### DATA TO EXAMINE
· · ·
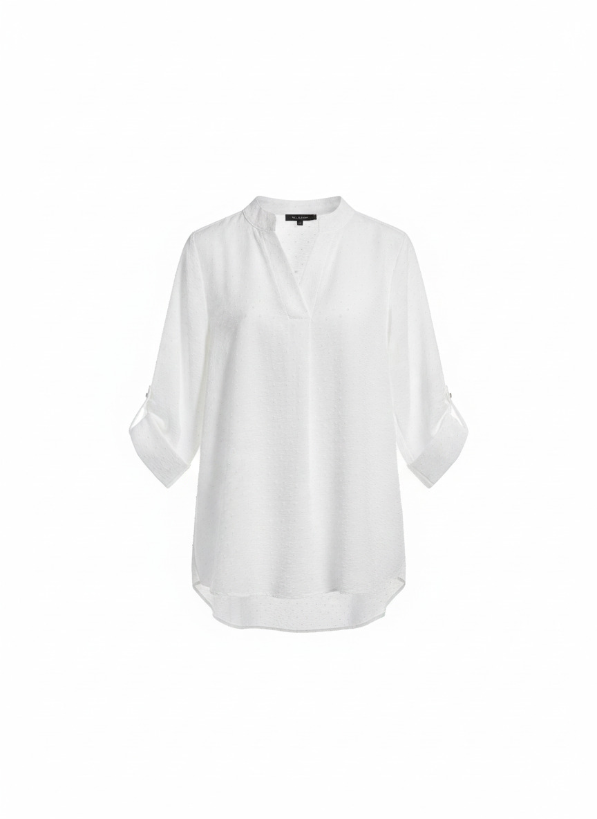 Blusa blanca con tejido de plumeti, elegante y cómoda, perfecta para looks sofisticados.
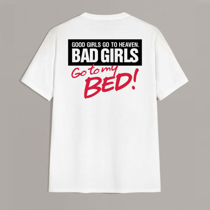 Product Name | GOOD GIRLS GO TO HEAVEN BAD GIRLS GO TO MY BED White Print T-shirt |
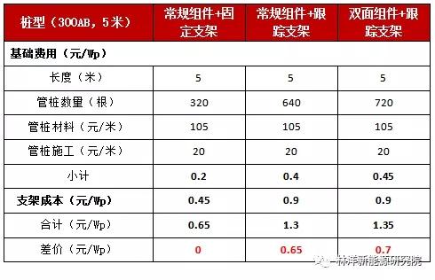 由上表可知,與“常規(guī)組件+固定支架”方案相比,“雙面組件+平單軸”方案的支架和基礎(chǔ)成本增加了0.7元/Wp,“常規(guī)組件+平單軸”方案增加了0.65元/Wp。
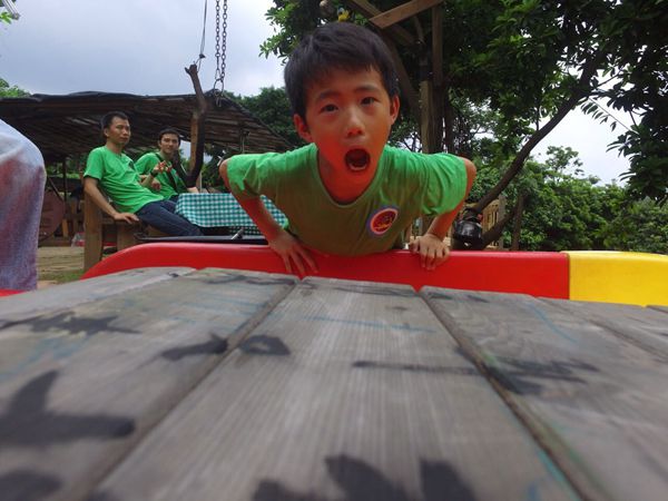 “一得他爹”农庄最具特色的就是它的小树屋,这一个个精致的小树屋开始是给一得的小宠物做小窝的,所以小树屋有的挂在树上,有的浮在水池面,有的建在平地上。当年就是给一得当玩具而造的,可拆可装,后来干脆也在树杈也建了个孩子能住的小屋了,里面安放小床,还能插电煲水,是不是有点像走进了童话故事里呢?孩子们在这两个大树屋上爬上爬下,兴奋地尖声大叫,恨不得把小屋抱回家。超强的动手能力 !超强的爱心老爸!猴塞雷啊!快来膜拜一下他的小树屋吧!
· · ·
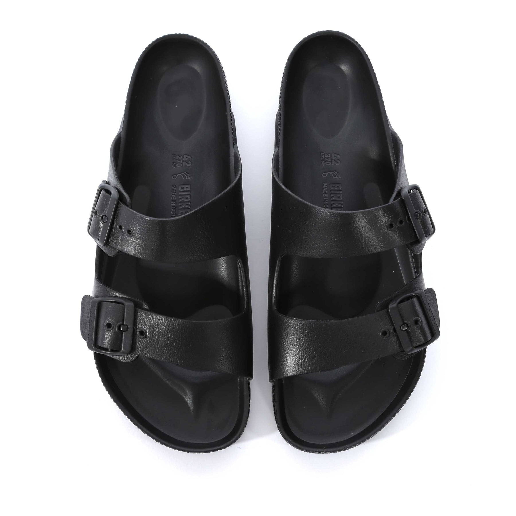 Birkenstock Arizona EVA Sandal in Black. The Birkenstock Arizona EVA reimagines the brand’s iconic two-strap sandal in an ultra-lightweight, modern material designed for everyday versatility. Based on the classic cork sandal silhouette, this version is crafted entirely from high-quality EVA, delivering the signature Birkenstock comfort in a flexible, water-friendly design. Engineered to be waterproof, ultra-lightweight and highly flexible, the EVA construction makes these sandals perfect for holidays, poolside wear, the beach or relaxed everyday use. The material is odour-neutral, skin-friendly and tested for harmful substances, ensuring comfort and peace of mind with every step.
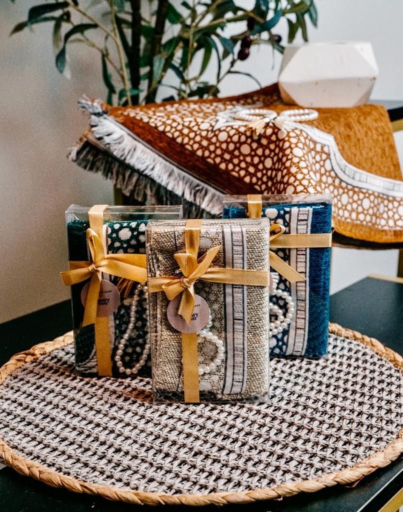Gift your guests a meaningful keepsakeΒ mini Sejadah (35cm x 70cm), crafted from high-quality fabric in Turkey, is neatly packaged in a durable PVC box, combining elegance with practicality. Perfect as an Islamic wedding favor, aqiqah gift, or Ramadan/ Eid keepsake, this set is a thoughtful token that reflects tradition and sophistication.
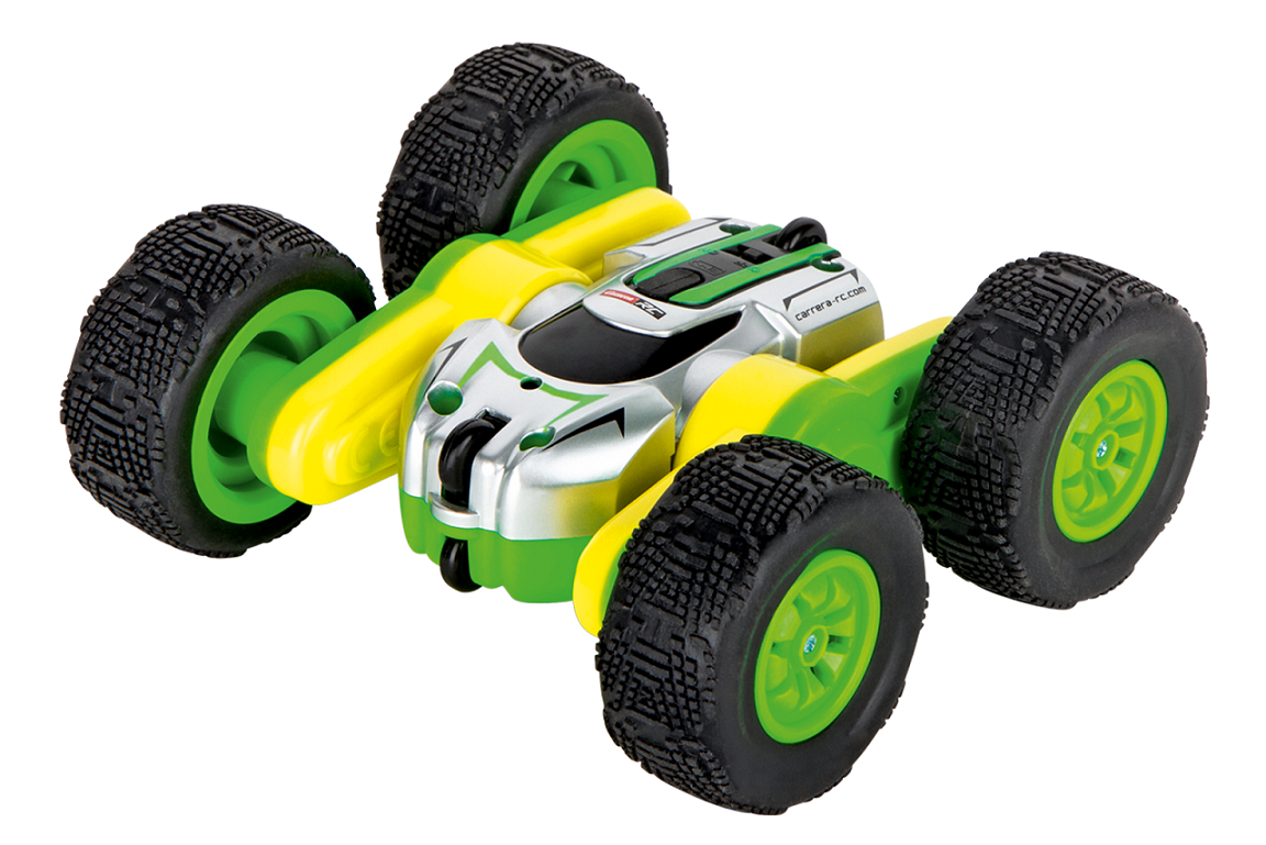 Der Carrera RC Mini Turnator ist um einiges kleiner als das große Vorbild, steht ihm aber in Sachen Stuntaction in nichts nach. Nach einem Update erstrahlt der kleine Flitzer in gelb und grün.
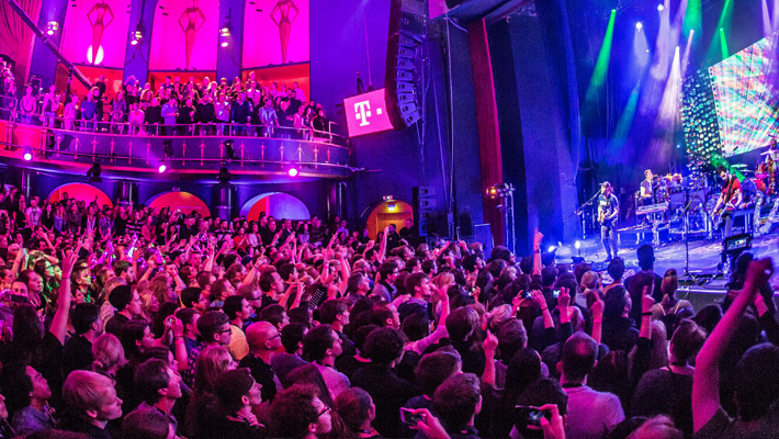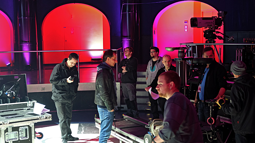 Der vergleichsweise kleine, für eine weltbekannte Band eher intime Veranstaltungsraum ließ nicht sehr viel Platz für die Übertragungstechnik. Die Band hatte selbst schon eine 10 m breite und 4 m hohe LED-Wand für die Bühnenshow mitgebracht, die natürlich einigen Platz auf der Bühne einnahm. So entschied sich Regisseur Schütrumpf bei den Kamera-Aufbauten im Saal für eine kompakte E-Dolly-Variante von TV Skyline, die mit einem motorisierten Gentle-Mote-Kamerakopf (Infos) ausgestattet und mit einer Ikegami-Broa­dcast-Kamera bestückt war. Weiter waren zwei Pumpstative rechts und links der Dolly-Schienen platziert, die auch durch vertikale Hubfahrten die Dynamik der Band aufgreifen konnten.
· · ·
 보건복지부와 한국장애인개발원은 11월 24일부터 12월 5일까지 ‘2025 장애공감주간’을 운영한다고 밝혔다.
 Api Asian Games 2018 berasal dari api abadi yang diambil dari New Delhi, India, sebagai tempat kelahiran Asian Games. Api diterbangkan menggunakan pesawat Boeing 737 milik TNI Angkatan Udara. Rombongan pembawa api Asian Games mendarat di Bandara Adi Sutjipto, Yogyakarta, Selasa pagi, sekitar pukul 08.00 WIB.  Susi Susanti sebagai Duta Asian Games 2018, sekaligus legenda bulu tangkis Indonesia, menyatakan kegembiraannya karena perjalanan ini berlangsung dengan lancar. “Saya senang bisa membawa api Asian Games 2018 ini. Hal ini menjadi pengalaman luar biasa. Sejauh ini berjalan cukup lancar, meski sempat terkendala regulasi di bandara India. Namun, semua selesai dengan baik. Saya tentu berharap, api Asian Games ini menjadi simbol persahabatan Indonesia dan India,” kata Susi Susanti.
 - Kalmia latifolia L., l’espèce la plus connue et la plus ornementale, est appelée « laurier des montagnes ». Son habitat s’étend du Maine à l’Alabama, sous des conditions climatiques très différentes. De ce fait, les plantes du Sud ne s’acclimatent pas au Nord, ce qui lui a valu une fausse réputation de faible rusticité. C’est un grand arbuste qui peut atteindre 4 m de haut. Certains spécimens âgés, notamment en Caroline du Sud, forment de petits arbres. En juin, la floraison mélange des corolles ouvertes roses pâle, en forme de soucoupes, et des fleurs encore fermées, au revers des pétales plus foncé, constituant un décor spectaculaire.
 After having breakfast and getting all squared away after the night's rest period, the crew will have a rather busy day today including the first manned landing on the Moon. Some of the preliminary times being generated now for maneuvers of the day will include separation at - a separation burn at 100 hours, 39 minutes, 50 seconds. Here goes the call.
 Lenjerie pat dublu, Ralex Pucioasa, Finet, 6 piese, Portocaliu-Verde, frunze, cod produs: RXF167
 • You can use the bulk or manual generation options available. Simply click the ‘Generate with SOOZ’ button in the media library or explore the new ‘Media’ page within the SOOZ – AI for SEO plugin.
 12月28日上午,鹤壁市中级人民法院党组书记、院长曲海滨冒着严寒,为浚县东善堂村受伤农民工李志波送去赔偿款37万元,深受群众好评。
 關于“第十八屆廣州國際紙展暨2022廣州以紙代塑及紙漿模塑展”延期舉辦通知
· · ·
### EXERCISE
In the material above, locate the line containing "보건복지부와 한국장애인개발원은 11월" and the line containing "for SEO plugin.". Transcribe exactly those two lines and every line between them, and nothing more.

### EXPECTED ANSWER
 보건복지부와 한국장애인개발원은 11월 24일부터 12월 5일까지 ‘2025 장애공감주간’을 운영한다고 밝혔다.
 Api Asian Games 2018 berasal dari api abadi yang diambil dari New Delhi, India, sebagai tempat kelahiran Asian Games. Api diterbangkan menggunakan pesawat Boeing 737 milik TNI Angkatan Udara. Rombongan pembawa api Asian Games mendarat di Bandara Adi Sutjipto, Yogyakarta, Selasa pagi, sekitar pukul 08.00 WIB.  Susi Susanti sebagai Duta Asian Games 2018, sekaligus legenda bulu tangkis Indonesia, menyatakan kegembiraannya karena perjalanan ini berlangsung dengan lancar. “Saya senang bisa membawa api Asian Games 2018 ini. Hal ini menjadi pengalaman luar biasa. Sejauh ini berjalan cukup lancar, meski sempat terkendala regulasi di bandara India. Namun, semua selesai dengan baik. Saya tentu berharap, api Asian Games ini menjadi simbol persahabatan Indonesia dan India,” kata Susi Susanti.
 - Kalmia latifolia L., l’espèce la plus connue et la plus ornementale, est appelée « laurier des montagnes ». Son habitat s’étend du Maine à l’Alabama, sous des conditions climatiques très différentes. De ce fait, les plantes du Sud ne s’acclimatent pas au Nord, ce qui lui a valu une fausse réputation de faible rusticité. C’est un grand arbuste qui peut atteindre 4 m de haut. Certains spécimens âgés, notamment en Caroline du Sud, forment de petits arbres. En juin, la floraison mélange des corolles ouvertes roses pâle, en forme de soucoupes, et des fleurs encore fermées, au revers des pétales plus foncé, constituant un décor spectaculaire.
 After having breakfast and getting all squared away after the night's rest period, the crew will have a rather busy day today including the first manned landing on the Moon. Some of the preliminary times being generated now for maneuvers of the day will include separation at - a separation burn at 100 hours, 39 minutes, 50 seconds. Here goes the call.
 Lenjerie pat dublu, Ralex Pucioasa, Finet, 6 piese, Portocaliu-Verde, frunze, cod produs: RXF167
 • You can use the bulk or manual generation options available. Simply click the ‘Generate with SOOZ’ button in the media library or explore the new ‘Media’ page within the SOOZ – AI for SEO plugin.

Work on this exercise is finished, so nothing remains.